Learning Objective: I can collect the probability of Skittle colors and determine a relative frequency.
This is a real world application problem connecting probability in a context students enjoy and understand, candy! This activity allows students to evaluate a regular sized packet of Skittles by determining the frequency of each flavor. Everyone has a favorite Skittle, whether it is the cheery red or the new green apple green. This way students can evaluate how frequent their favorite colored Skittle is in typical packet of Skittles. As students participate in this activity they are connecting aspects of mathematics into a context problem that appeal to their lives. When students relate mathematics to real life situations they are able to connect its importance. Then, students can participate in a mathematical discussion to reason abstractly about the probability of different colored Skittles to determine the relative frequency found in all bags. As they discuss the problem students will be making sense of problems. When the students discuss the frequency and probability of skittles in the bag, they can relate it to the production of Skittles, which opens a discussion where students participate as responsible citizens by gaining further knowledge.
As students investigate the frequency of skittle flavors in their designated bags, they can create different representations to demonstrate the date. These representations can be frequency tables, frequency graphs, pictograph, histograms, line graph, bar graph, etc. As they apply these different representations the Skittle problem they are practicing areas of mathematics. Also, students can then relate the information to their classmates and discover patters to determine the relative frequency of Skittle flavors.

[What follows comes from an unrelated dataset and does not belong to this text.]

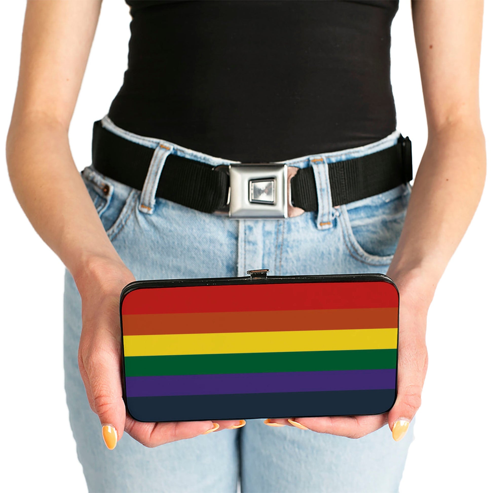 - Women's Hinged Wallet measuring 7.0x4.0x0.75 Inches, with 2 billfolds, 4 card slots, and a windowed ID holder.

CCSS.Math.Content.7.SP.C.6
Approximate the probability of a chance event by collecting data on the chance process that produces it and observing its long-run relative frequency, and predict the approximate relative frequency given the probability. For example, when rolling a number cube 600 times, predict that a 3 or 6 would be rolled roughly 200 times, but probably not exactly 200 times.
CCSS.Math.Practice.MP1 Make sense of problems and persevere in solving them.
CCSS.Math.Practice.MP2 Reason abstractly and quantitatively.
I enjoyed reading this, I really love this idea, it seems like a fun activity that will help students understand how probability works. I would also suggest using the same steps for this problem with different candies like M&M’s, Smarties, Gummy Bears, Starbursts, Jelly Beans, and the list could go on. I look forward to doing this activity in my future classroom. Another idea could be to use different candies across the world, this could help to integrate cultures within your classroom. Thank you for sharing!